Fig. 1: A method for integration of single sample and population analysis.
figure 1

a Flowchart of our proposed framework. b The differential expression genes corresponding to immune cycle of TCGA-LUAD, red indicates high expression in such clusters, and blue indicates low expression. The expression amount was derived from the results of different analysis, in which P-value < 0.05 and Log2FoldChange > 1. c The diagram of ImmuCycReg framework. The RNA-seq (TCGA RNA-seq, GTEx RNA-seq) datasets, ATAC-seq dataset and STRING database67 were used to construct regulatory network which was validated by the ChEA56, ENCODE55, JASPAR54, MotifMap57 and TRANSFAC58 databases. d The diagram of L0Reg framework. The input data consisted of two parts: an IR gene expression matrix Y and a TF encoding gene expression matrix X. And, the L0Reg framework output a gene regulatory network on population level. The orange circles are negative regulated TFs, the purple circles represent positive regulated TFs, the blue diamonds denote IR genes, the yellow rectangles denote immune cycle, and the humanoid signs are single sample or population (cluster). e For prognosis prediction, a risk scoring model was established on risk factors identified by Lasso-Cox.

Results

The identification of four LUAD subtypes

Based on the 2230 IR genes, the NMF approach was utilized to decipher immune subtypes. As illustrated in Fig. 2a, the optimal cluster option was four due to the cophenetic coefficient that started to rapidly decline. The consensus matrices also suggested that four clusters showed optimal stratification (Fig. 2b). Therefore, TCGA-LUAD samples were divided into four subtypes, and the numbers of samples in each subtype were 158, 104, 130 and 100, respectively (Supplementary Data 3 S1). Note that when the number of subtypes is 4, there are significant differences of Overall Survival (OS) (Fig. 2c, d and e), which also indirectly indicates that such clusters are reasonable and have clinical significance.

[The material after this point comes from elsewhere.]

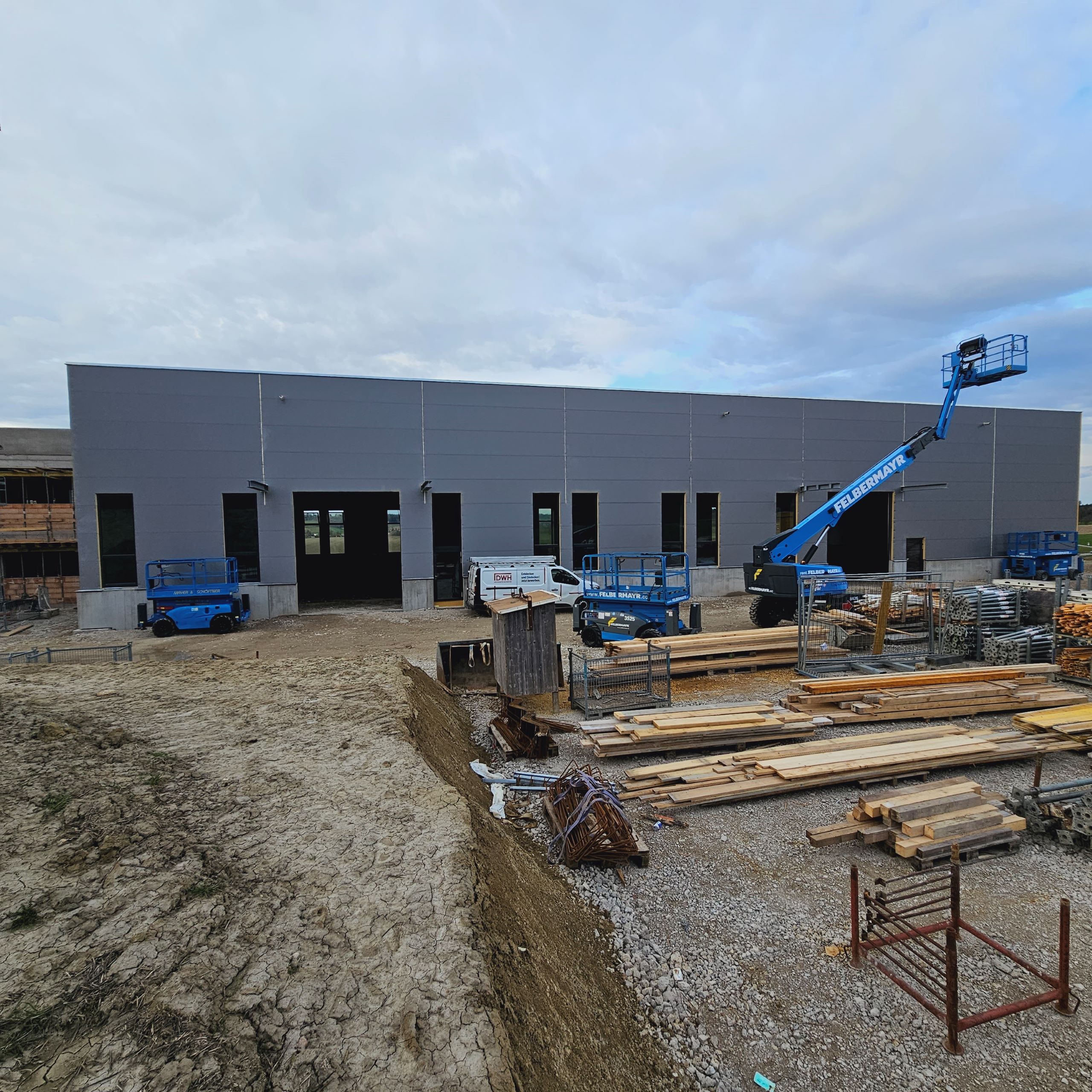 Schon im August 2024 werden die Arbeiten am Neubau abgeschlossen sein und der neue Firmenstandort wird an den Bauherrn übergeben.

Fig. 2: Subtypes stratification and survival analysis on different numbers of clusters.
figure 2

a According to the cophenetic parameters of NMF, TCGA-LUAD samples were divided into four subtypes. The line x (solid line) was drawn according to the nmf function. The line y (dotted line) was set according to the nmfEstimateRank function. These results were plotted to choose the optimal rank value. And, the x-axis value is the possible factorization rank (2–6), and the y-axis represents the cophenetic value. b Consensus map of NMF clustering results in TCGA-LUAD cohort. c, d and e The OS of patients with the 2, 3 and 4 subtypes were determined by Kaplan–Meier survival analysis, respectively. The P-values were calculated by the Log-rank test.

Enrichment analysis of immune genes

We used DESeq216 to analyze differential expression of 249 immune cycle genes across four immune subtypes and GTEx samples (Fig. 3, Supplementary Data 4), and then we selected 42 of these genes for subsequent analysis (Supplementary Table 1). After preliminary selection of differential expression genes, these 42 genes were input into the ImmuCycReg framework, and finally 17 IR genes showed meaningful results (Supplementary Fig. 1). In addition, we used a heatmap to reveal the expression patterns of these 17 IR genes across the four immune subtypes and GTEx (Supplementary Fig. 2).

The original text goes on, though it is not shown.